We present in this section the objective results of the various models on tasks from the Language Model Evaluation Harness. These results were computed using the TextSynth API so that they can be fully reproduced (patch: lm_evaluation_harness_textsynth.tar.gz). You can compare them with other results independently obtained by EleutherAI.

Zero-shot performance:

Model LAMBADA Acc ↑ Winogrande ↑ Hellaswag ↑ PIQA ↑ COQA f1 ↑ Average ↑
gptj_6B 69.1% 64.5% 66.3% 76.2% 66.8% 68.6%
fairseq_gpt_13B 72.2% 66.9% 72.7% 79.0% 70.6% 72.3%
gptneox_20B 71.4% 65.9% 68.9% 77.0% 71.4% 70.9%

Few-shot translation (K=5) (WMT14 BLEU scores):

Model fr→en ↑ en→fr ↑
gptj_6B 34.3 28.7
boris_6B 35.9 37.2

Note that these models have been trained with data which contains possible test set contamination.
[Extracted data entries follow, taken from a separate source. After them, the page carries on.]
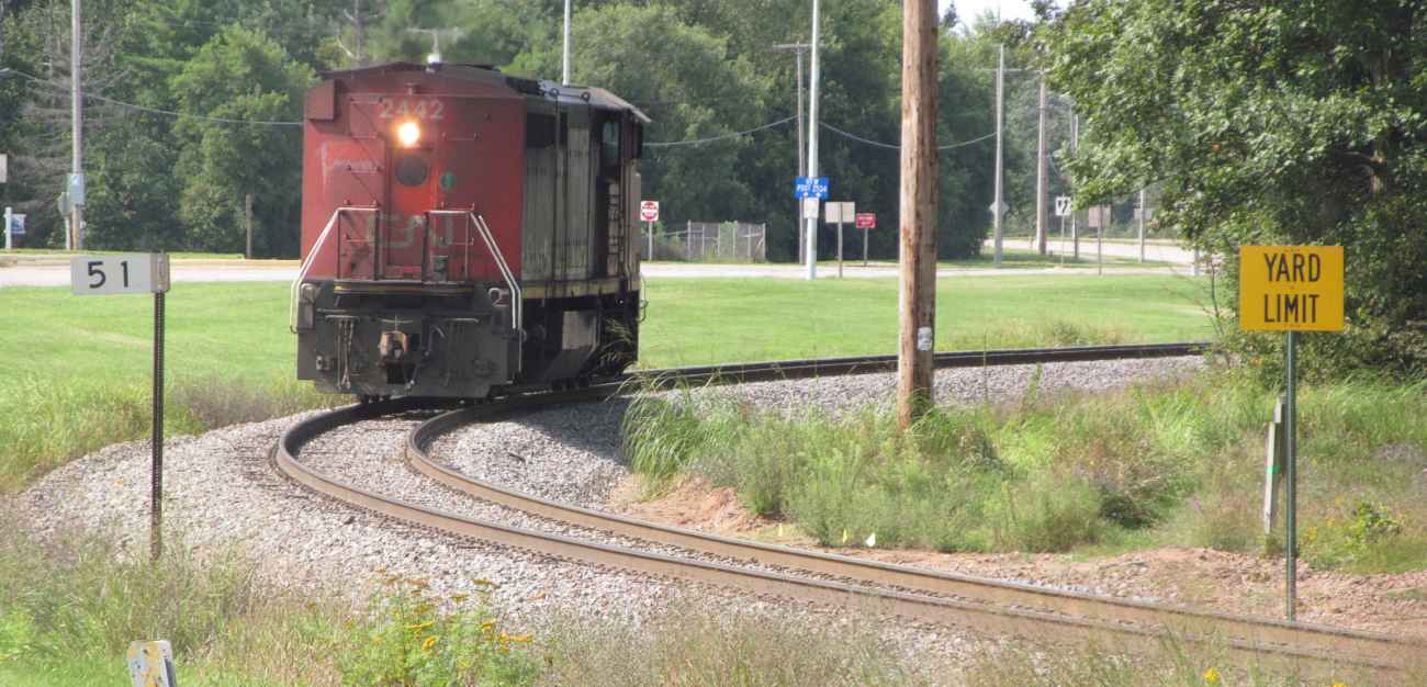 A train is being built in Wisconsin Rapids, and some cars for it are waiting in Junction City, 9 miles away. It's just a short wait at the yard limit to get a train order and get out on the road. |
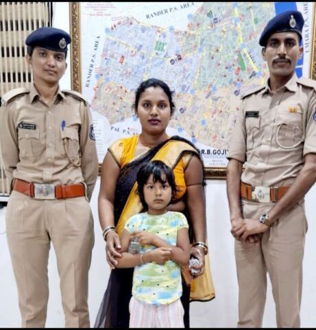 सूरत शहर के अड़ाजण क्षेत्र की निवासी 4 साल की बालिका रिया घुमते हुए अपने घर से दुर चली गई और रास्ता भुल कर भटक गई।
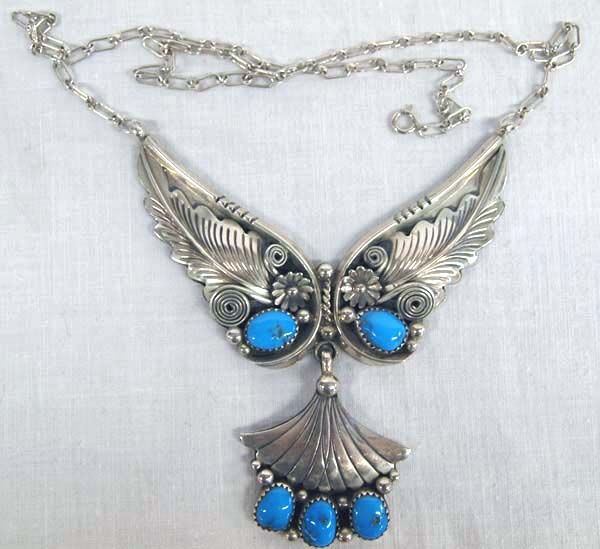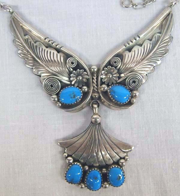 Phenomenal Navajo Sterling Silver Turquoise Necklace by Henry Addikie, hand wrought chain measures 18.25'' end to end, pendant section measures 3''L x 3''W and features 5 Bisbee Blue Sawtooth Bezel Set Turquoise cabochons, very traditional Navajo style setting of flower and leaf motif, scrollwork, and silver bead accents, carved edges, 34.5g in total wt. Truly an amazing work of art!
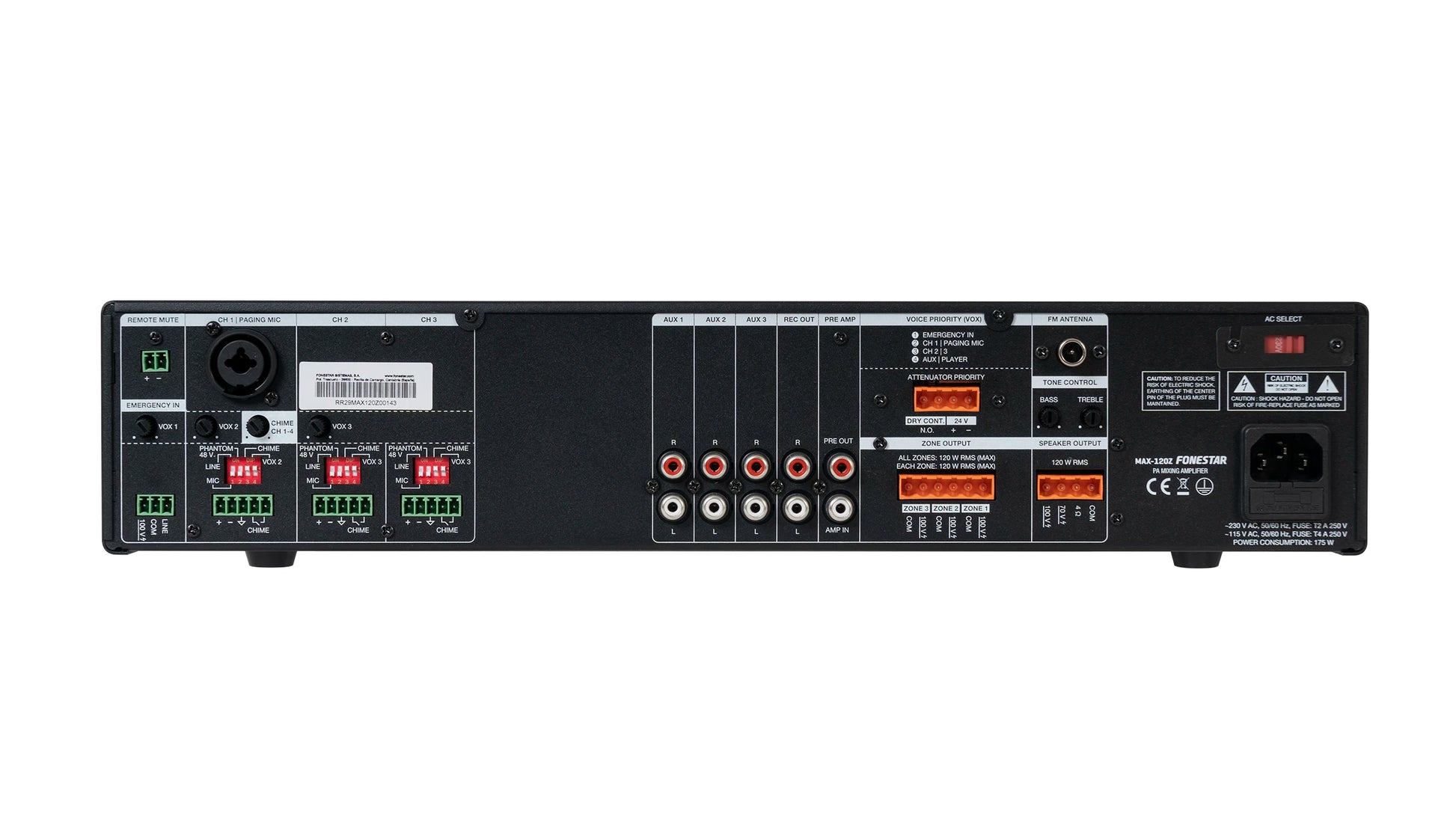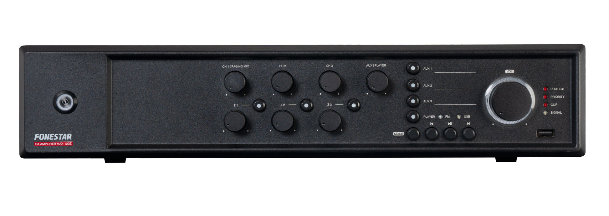 The Fonestar MAX-120Z is an integrated and compact Public Address (PA) multi-zone amplifier designed for background music and announcement systems in small to medium-sized commercial premises, educational centers, and similar venues. It utilizes a high-efficiency Class D amplifier.

So not all these results might reflect the actual model performance.

4 Changelog

  • 2022-05-02: added the translate endpoint and the m2m100_1_2B model.
  • 2022-05-02: added the repetition_penalty and typical_p parameters.
  • 2022-04-20: added the n parameter.
  • 2022-04-20: the stop parameter can now be used with streaming output.
  • 2022-04-04: added the logit_bias, presence_penalty, frequency_penalty parameters to the completion endpoint.
  • 2022-04-04: added the tokenize endpoint.